A few areas have special poignancy. The new “Tree of Life” features wood taken from the black cherry tree that once graced the LeRoyer Walkway that had to be removed. The wood spider-webs across the wall, with donors listed on “leaves” that will hang from the individual branches. That same black cherry wood was also used for the pulpit, altar and clergy chair in the new chapel, created by White Lake artisan Tom Gallenberg.

A mosaic with 900 tiles of various colors—600 of them containing pictures of hospital employees—covers another wall near the cafe, with all of them promising to work together to provide the finest in health care.

And the hospital’s soaring main entrance is graced with the stained glass windows that once adorned the chapel in the old facility.

Together, it creates a statement of stability, commitment and faith in the past, present and future.

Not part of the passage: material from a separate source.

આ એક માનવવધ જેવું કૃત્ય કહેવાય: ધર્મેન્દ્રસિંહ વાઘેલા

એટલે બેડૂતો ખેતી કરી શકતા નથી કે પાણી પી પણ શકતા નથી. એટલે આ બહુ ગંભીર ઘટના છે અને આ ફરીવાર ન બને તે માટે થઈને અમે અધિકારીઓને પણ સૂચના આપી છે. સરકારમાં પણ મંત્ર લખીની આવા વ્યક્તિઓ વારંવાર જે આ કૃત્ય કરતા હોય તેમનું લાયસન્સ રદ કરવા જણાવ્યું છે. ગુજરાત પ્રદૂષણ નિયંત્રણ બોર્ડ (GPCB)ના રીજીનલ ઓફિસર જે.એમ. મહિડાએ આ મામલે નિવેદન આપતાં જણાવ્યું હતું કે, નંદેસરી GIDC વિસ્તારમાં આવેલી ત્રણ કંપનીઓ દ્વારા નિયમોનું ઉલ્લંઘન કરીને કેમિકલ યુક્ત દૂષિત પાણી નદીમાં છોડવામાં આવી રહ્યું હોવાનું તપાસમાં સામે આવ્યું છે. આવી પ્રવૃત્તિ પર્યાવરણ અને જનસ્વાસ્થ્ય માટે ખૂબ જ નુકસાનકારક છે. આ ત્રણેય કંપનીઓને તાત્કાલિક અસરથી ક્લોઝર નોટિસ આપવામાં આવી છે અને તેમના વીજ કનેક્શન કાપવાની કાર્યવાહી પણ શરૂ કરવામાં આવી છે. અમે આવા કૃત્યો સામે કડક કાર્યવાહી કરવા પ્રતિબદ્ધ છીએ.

The $45 million, 97,000 square feet facility is a joint effort between the Religious Hospitallers of St. Joseph and Aspirus.

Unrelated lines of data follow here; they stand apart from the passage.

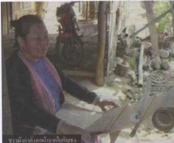
ชาวม้งกับรถเข็นขายกัญชง
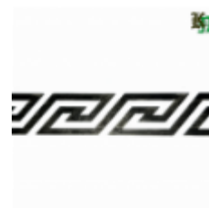
Декоративный прокат, полоса, арт. 820 1200х95х2.5мм Вес: 1.2 кг Цена (за штуку): 480 руб.
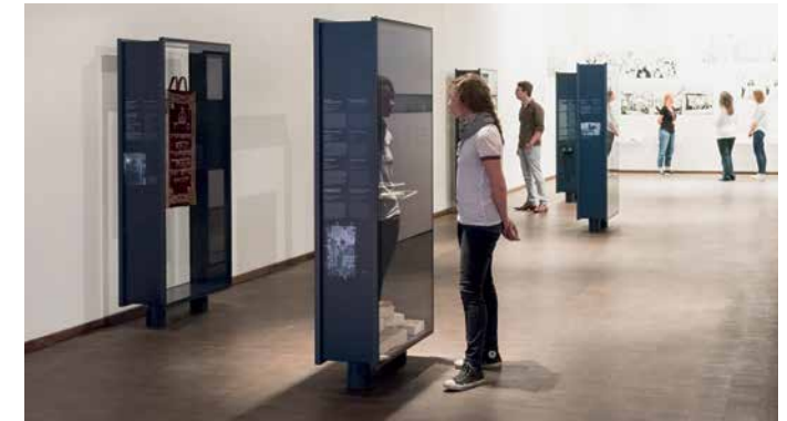
Blick in die Dauerausstellung View of the permanent exhibition room

The first installation VOICES highlights Jewish families and individuals who arrived in Munich over the past 200 years. Each of the audio tracks introduces the story of a person's life which led them to Munich, even if only for a few years. The installations PLACES and PICTURES illustrate the different lifeworlds and activities which Munich's Jews developed for themselves—ranging from a Nobel Prize Winner in Chemistry to emigrants and the congregation's rabbis. The exhibition section RITUALS provides an introduction to religious traditions in the family and in the synagogue by means of Jewish ritual objects and takes a look at Jewish festivals and religious holidays as well. A COMIC by the illustrator Jordan B. Gorfinkel focuses on the beginnings of a new Jewish life after 1945 up to the present day.
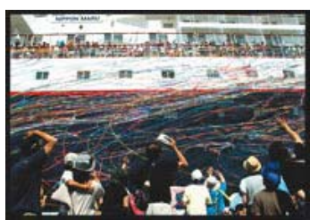
25 入選 216-1/2 近畿海事広報協会会長賞 【出航】 静岡県 山内 健
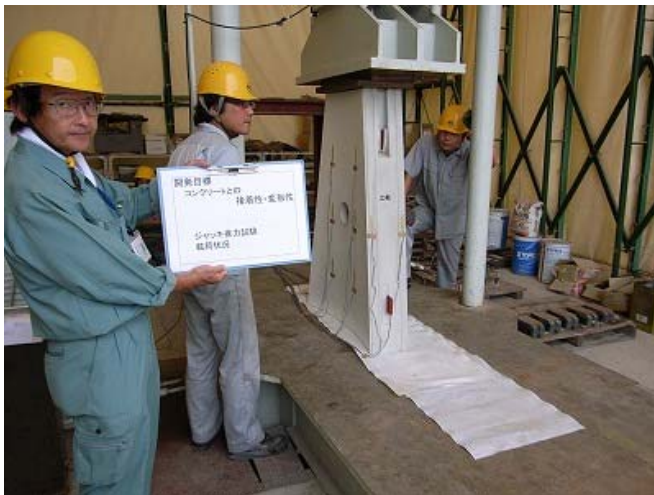
写真-6 RCセグメントジャッキ推力試験

The hospital’s features “front of house,” the public areas, and “back of house,” corridors, elevators and rooms accessible only to staff. That will create an uncluttered, yet extremely efficient, traffic flow.

The main level also includes an interior courtyard, conceived as an oasis of green for employees and visitors. There’s a secondary purpose as well, allowing natural light to flood what would otherwise be interior spaces.

The second floor is covered with tough-performing vinyl flooring that resembles hardwood minus the noise and durability issues. Wood-grained nurses stations march down the corridor, with patient rooms ringing the exterior. Each room has double-wide doors, tiled private bathrooms with walk-in showers and sofa sleepers for family members.

The birthing center, accessible through secure doors, has a few special touches as well, including whirlpools for the mothers in labor, and plenty of room for dads and families.

The hospital includes 23 patient beds, three surgical suites, imaging laboratory, emergency department, walk-in clinic and the chapel.

Administration hinted at construction of a new facility for years, with planning advancing quickly after a deal was reached with the city of Antigo that placed it on the grounds of the old municipal pool. The actual announcement, made jointly by Aspirus and the Religious Hospitallers came in March, 2010 with ground-breaking on Nov. 1, 2010.

Designed by Eppstein Uhen, a nationally-recognized architectural firm that specializes in health care facilities, with the help of Sg2, an international health care think tank, the facility was also improved through unprecedented input from staff on everything from the placement of sinks and electrical outlets to hand-washing stations and patient traffic flow.